Fittingly titled We Started Nothing, The Ting Tings’ debut has all the charm of one of those whistling bottle rockets. The first time through it is ear piercing and ends with a pop. After that, you just kind of wish it would blow up in the neighborhood kid’s hand as he lights it. The lyrics are banal and uninteresting. The beats are derivative, and the strange lack of a real bass line makes the whole album sound metallic and fake. The flimsiness of these tracks is made all the worse by production that completely lacks texture. The one thing this album does have is hooks, and I admit they’re not bad. Unfortunately, all the freshness is worn thin by a total lack of variation. What’s that, you want to sing the chorus yet again? Try a fucking key change once in while. Sheeesh, anyone with access to an oldies radio station knows these tricks.
That brings me around to the vocals. White has great pronunciation and a fairly wide range, but she performs with absolutely no soul. Even Gwen Stefani rocks the mic harder than she does. Take the disco single, “Shut Up and Let Me Go,” for example. In spirit, the song mirrors “I Will Survive” and basically says “fuck you” to an ex-boyfriend, or in this case, ex-label. Yeah, I know what you’re thinking; Gloria Gaynor kicked that douche bag out. But White’s performance is far less convincing. There is no conviction in her voice. She didn’t even kick the dog out after messing up the rug. It’s not empowering. It’s sophomoric and even a bit embarrassing, more like a five-year-old throwing a tantrum than a grown woman stating her mind.
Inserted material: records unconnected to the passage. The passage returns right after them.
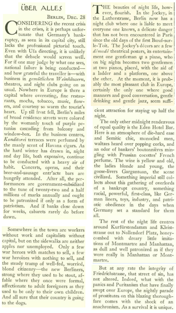 Toward the end of her article, Flanner noted that “Berliners are busy making a new race,” which is not a reference to Hitler’s “master race” (that would come later) but rather to a new generation overtaking the old. The final lines of this excerpt, however, suggest there might be trouble ahead…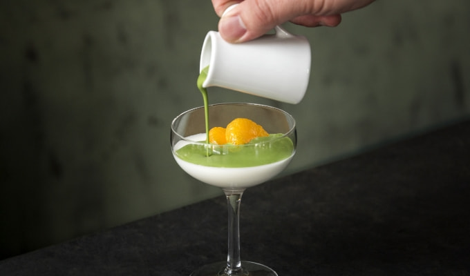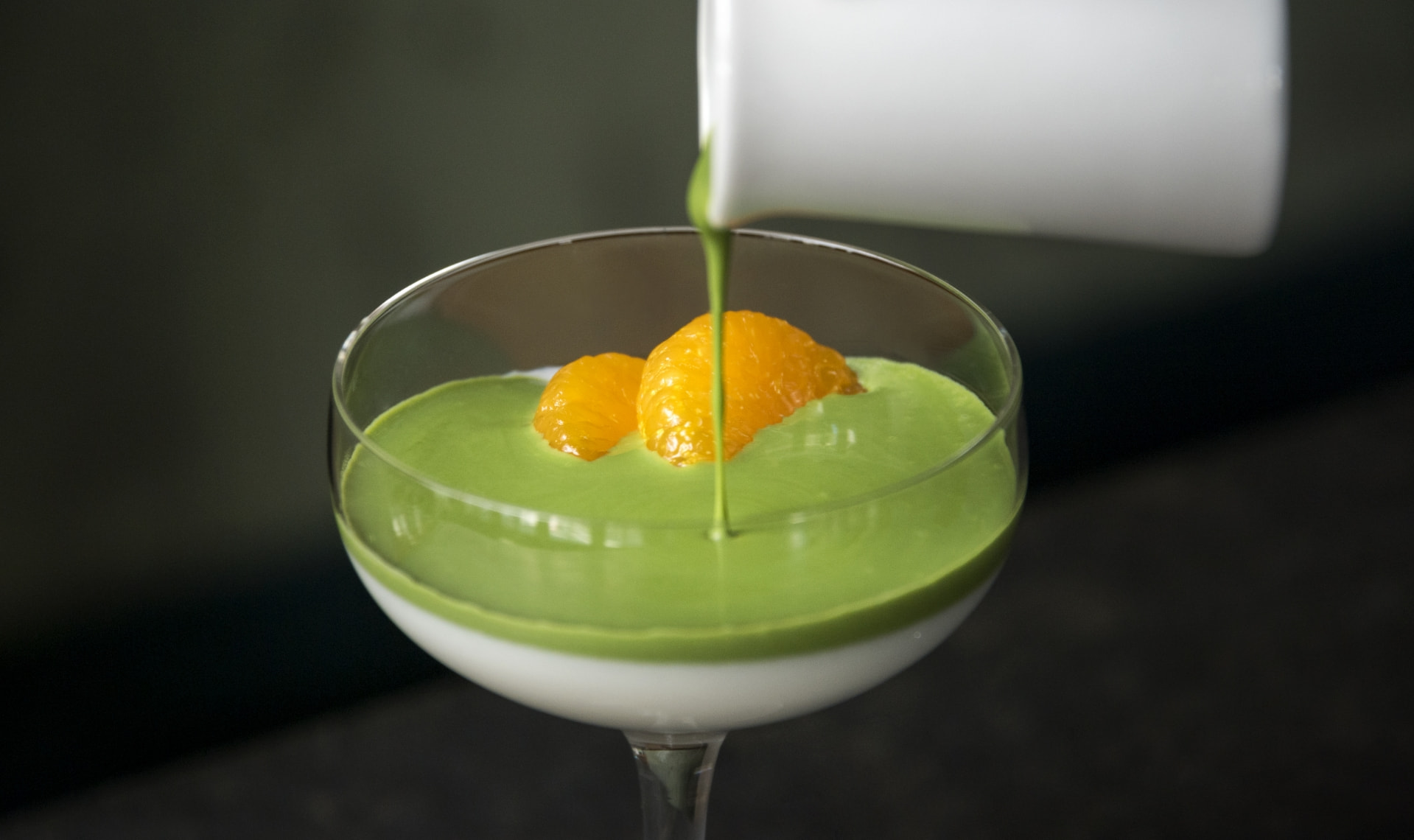 中国料理のデザートとしておなじみの杏仁豆腐は、優しい甘さとぷるぷるなめらかな食感で人気。これに抹茶ソースで和風味をプラスし、ほかにはなかなかないオリジナルの一品に。抹茶のほろ苦さが、杏仁豆腐にほんのり加えた塩気や、トッピングしたみかんの甘酸っぱさと相まって、奥深い味わいを演出します。おしゃれなグラスに盛り付ければ、おもてなしの食卓でも好評を博すこと間違いなしです。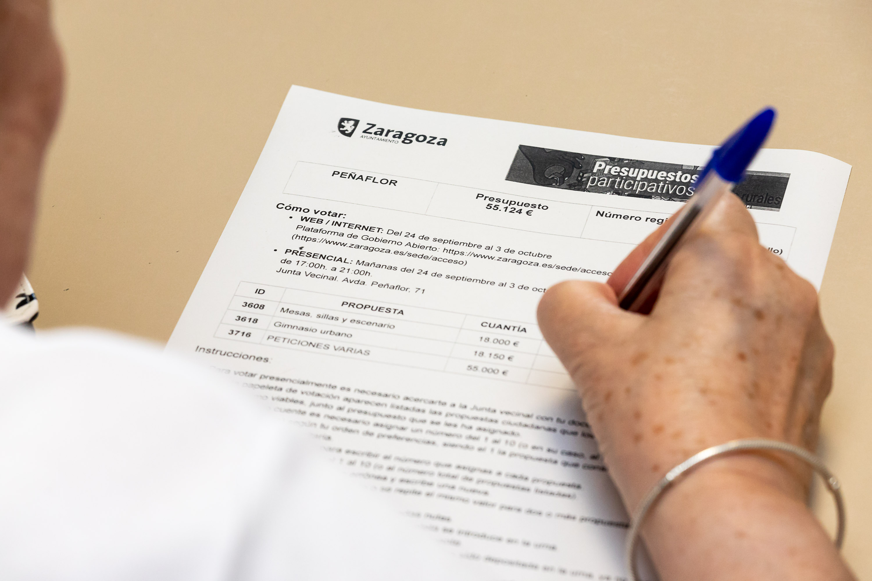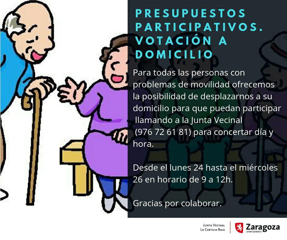 Los vecinos y vecinas de los barrios rurales de Zaragoza están desde hoy convocados a participar en la votación de sus Presupuestos Participativos 2018. Es la primera vez que este proceso se celebra de manera generalizada en todos los barrios, en los que se decidirá el destino global de inversiones y mejoras por valor de un millón de euros. Tienen derecho a voto (empadronados en los barrios y mayores de 14 años) un total de 27.375 vecinos y vecinas.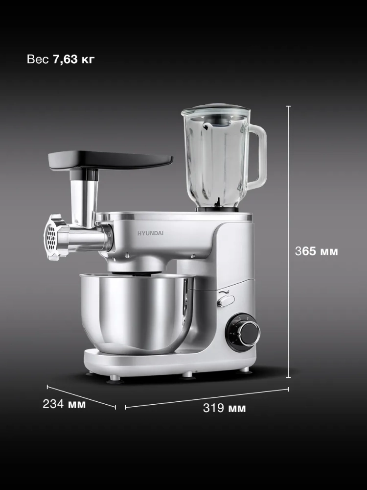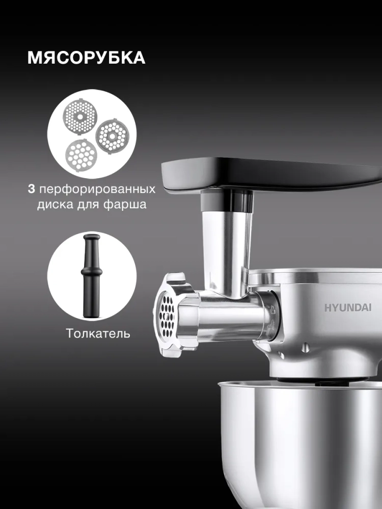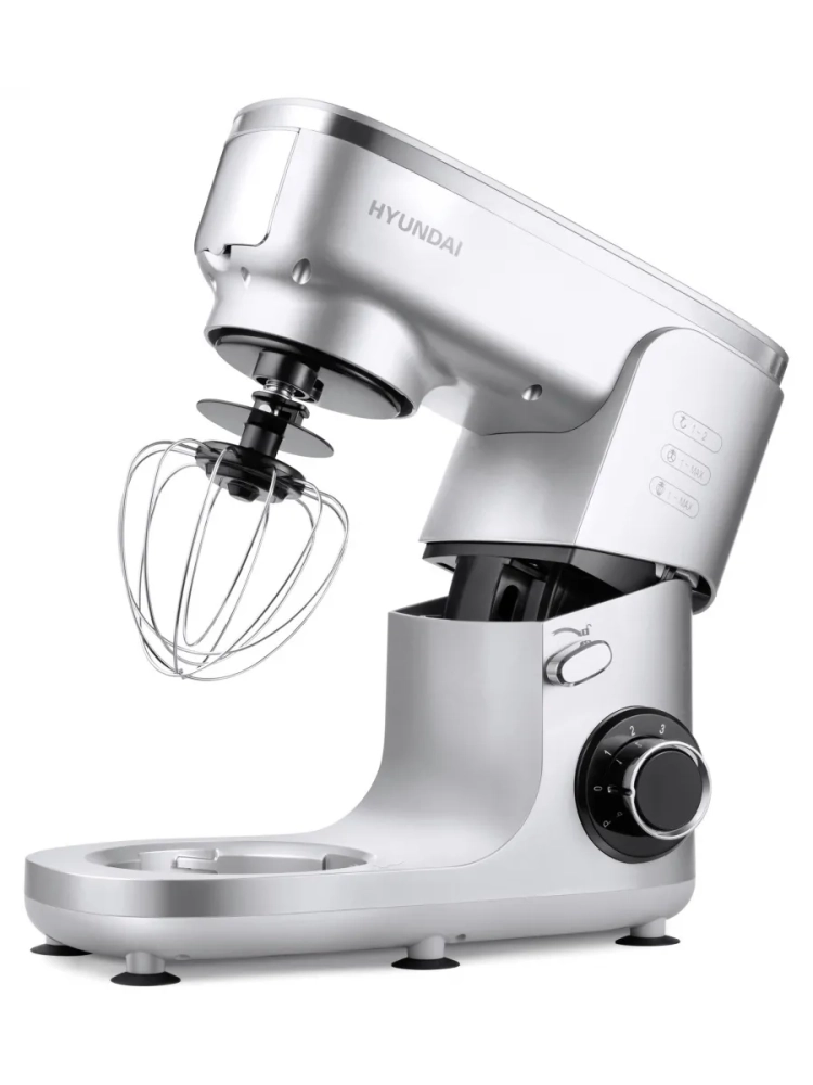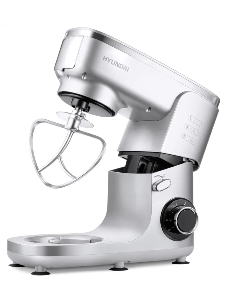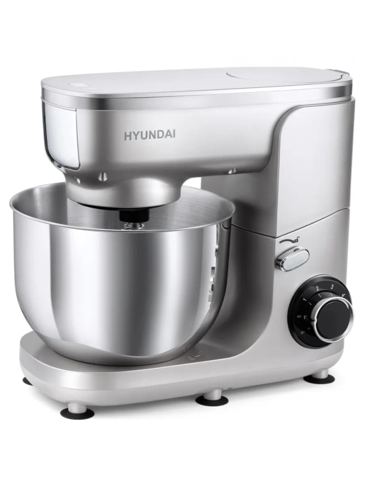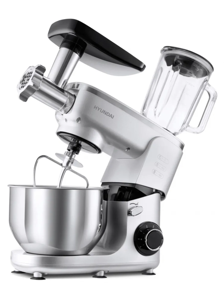 Кухонная машина Hyundai HYMS7651, планетарное вращение, мощность 1400Вт, количество скоростей 6, насадок 5, серебристый. Регулировка скорости. Максимальное время непрерывной работы 8 мин.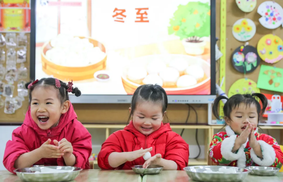 2024年12月20日,貴州省貴陽市開陽縣第二幼兒園的小朋友們?cè)凇爸?xí)俗 迎冬至”活動(dòng)中學(xué)習(xí)搓湯圓。袁福洪 攝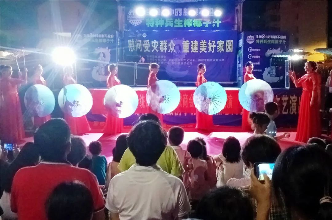 7月30日,华灯初放,鄱阳县湖城商会、鄱阳楼食品有限公司组织文艺志愿者在县委常委、统战部部长吕小珍带领下来到秋实学校受灾群众安置点开展慰问演出,给大家送上心灵的慰藉。县政协经科委主任黄育兰、副主任王鑫,政协常委、湖城商会会长程水龙以及湖城商会部分经科委界别委员一起参加慰问演出活动。
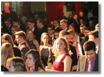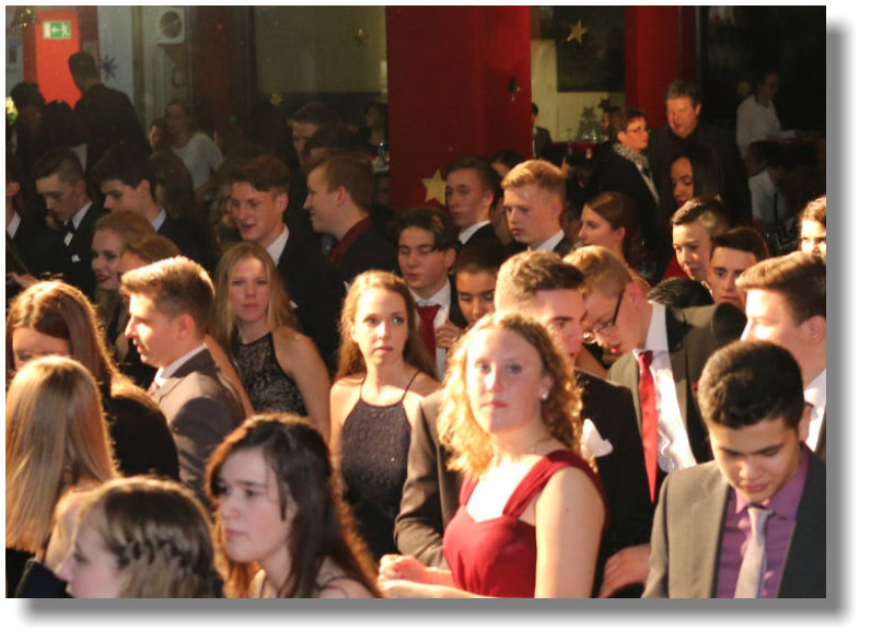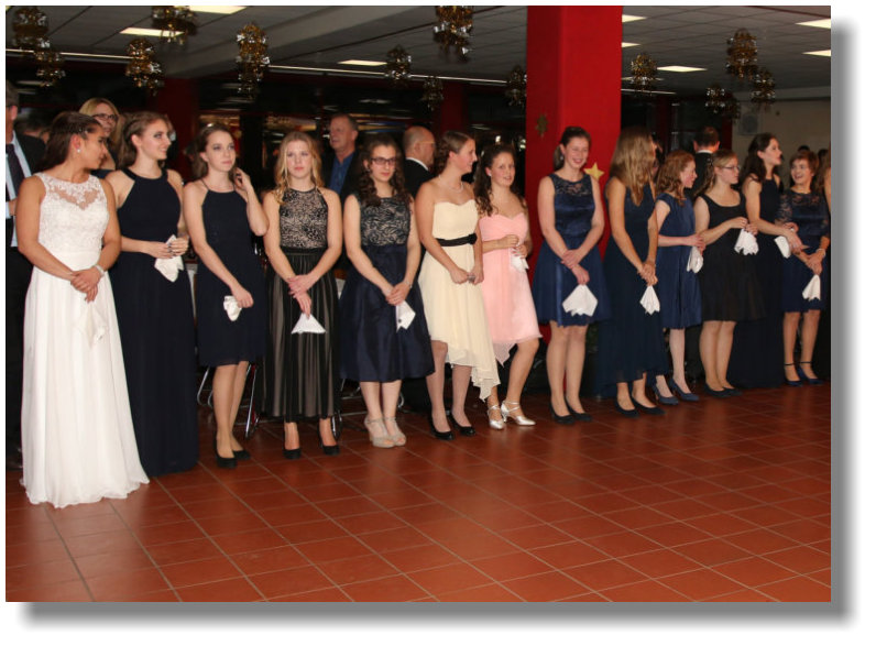 Tanzeleven bei, die jungen Herren vorrangig im Anzug und die jungen Damen in schicker Abendrobe.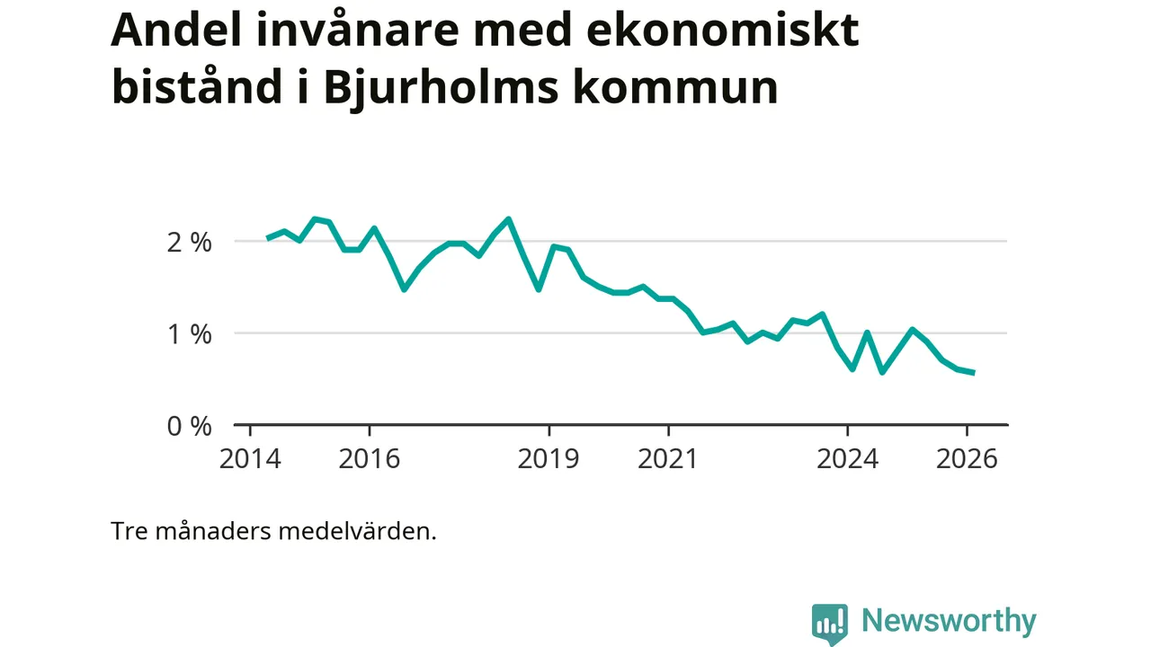 Andelen invånare med ekonomiskt bistånd i Bjurholms kommun var lägre under vintern jämfört med motsvarande period året innan. Det visar den senaste, preliminära statistiken från Socialstyrelsen.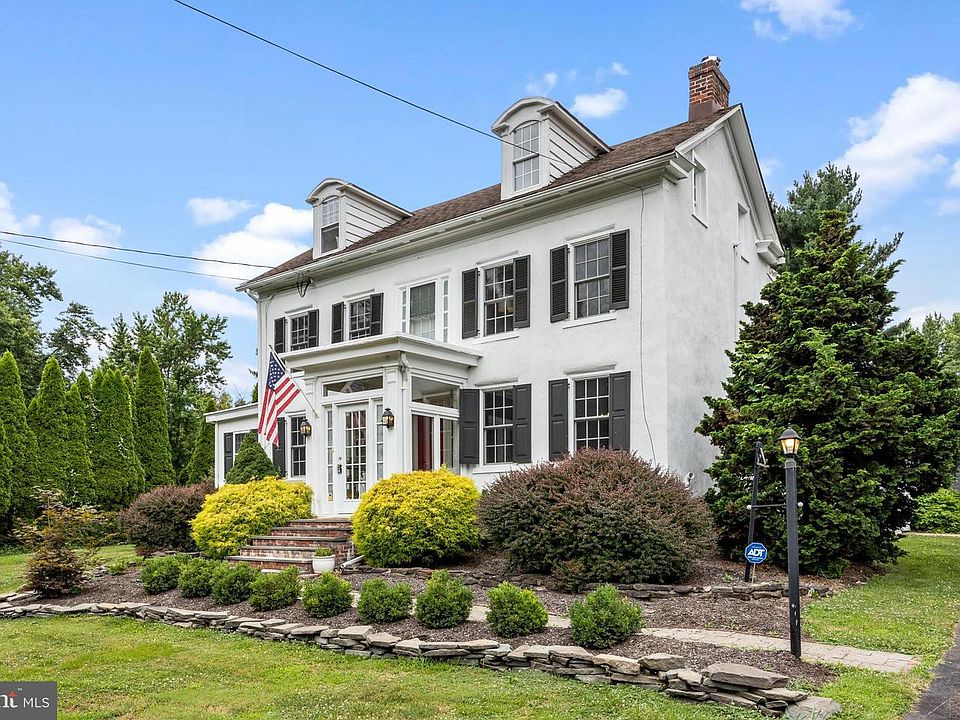 The Thomas Buckman home, circa 1800, is a quintessential Bucks County stucco over stone Federal style home offering the perfect balance of old-world charm and modern amenities. The original home blends seamlessly with the newer additions, and has been lovingly maintained by the current owners. A bright foyer invites you to enter through the original double front entry doors as you take notice of the classic pumpkin pine floors and architectural millwork. Relax with guests in the original living space featuring traditional built-ins and stone fireplace with gas line, before enjoying a meal in the dining room. A private home office, accessed from the living room, includes a separate entrance. The spacious rear addition offers a kitchen with solid wood cabinets, stainless appliances, center island and beverage bar, as well as an adjoining great room with expansive picture window that showcases the amazing one-acre property bursting with vivid perennials, extensive vegetable and fruit gardens, and a number of specimen trees. A convenient mud/laundry room, with laundry chute from upper level, provides access to the side entry and oversized two car detached garage with new Hardie Plank siding. Below this lovely addition is a finished lower level with yet another office space and/or home gym. Ascend the center staircase to the second level boasting a generous sized main bedroom with en-suite, spacious walk-in closet, plus built-in cupboards and shelving. A second bedroom offers an additional walk-in closet. Completing this second level is a guest bedroom with a private balcony overlooking the rear grounds, and a convenient hall bath. On the spacious, yet cozy, third level is a charming fourth bedroom with dormers and window seat, plus an additional room that provides a closet and abundant storage space. There are endless opportunities for your outdoor enjoyment and entertaining with a screen porch, stone patio and a built-in fire pit. The fully fenced rear yard is ideal for pets and for gardening and hobbies. A tremendous amount of storage space is offered in the two basements, attic, garage, as well as the numerous closets and built-ins available in many rooms. This amazing property provides an easy country lifestyle within minutes of Historic Newtown Borough, several parks, plus major commuting routes and train stations to Philadelphia, Princeton and New York. The current owners converted the home to natural gas, installed a high-efficiency gas boiler and Kohler generator for added convenience, and replaced the windows for additional efficiency. A traditional stucco craftsman repointed the stone and replaced the stucco on the historic home, which is warrantied, and resurfaced the original basement walls. This lovely historic home has been meticulously maintained and is ready for you to move in and enjoy the natural beauty in all four seasons! Worth Noting: The septic system is a modern sand mound system. There are 2 tanks that pump out to the sand mound that is far back on the property. The historic barn on the adjacent property is being restored and the owners are building a small home further back on their property later this year.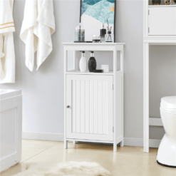 Looking for a practical bathroom cabinet without taking up too much floor space? This 4-tier free-standing cabinet is the pick! Clean-lined design combined with slatted paneling makes this cabinet modern and sleek, making it works well in a variety of aesthetics. P2 MDF and metal hardware, selected materials make sure that the storage rack works well for a long time. The mix of open and concealed storage brings more flexibility to your daily storage. An adjustable shelf is convenient for you to place different-sized items. Included wall mounting hardware and back panel fixtures help to improve stability and safety. You can use it in the bathroom, living room, kitchen, hallway or office as you need.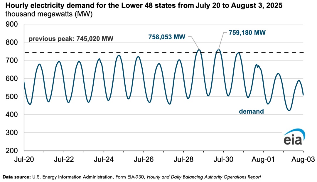 炎熱天氣(推高制冷用電需求)疊加電力需求本身的持續(xù)增長,使得本土48州的“同時峰值需求”于東部時間7月28日18:00-19:00達到758,053兆瓦(MW),創(chuàng)下新高。次日(7月29日),峰值需求再次刷新紀(jì)錄,達到759,180 MW,比2024年7月15日創(chuàng)下的745,020 MW原紀(jì)錄還高1.9%。

The Ting Tings haven’t done their homework. They haven’t learned a thing from the Jackson Five, Blondie, Gloria Gaynor, Kraftwerk, The Pizzicato Five, Parliament, The Bee Gees, Cyndi Lauper, Carole King, Stereolab, or anything from Motown Records. Hell, they didn’t even learn anything from Deee-Lite, the last band to have a #1 disco-inspired dance single with a video/commercial featuring people dancing in front of a wildly colorful background. At least “Groove is in the Heart” had a fun cameo by Q-Tip and an unforgettable baseline by Bootsy Collins. It’s true in the end, just like the Greek tragedy. They started nothing, but I can’t say they didn’t warn me.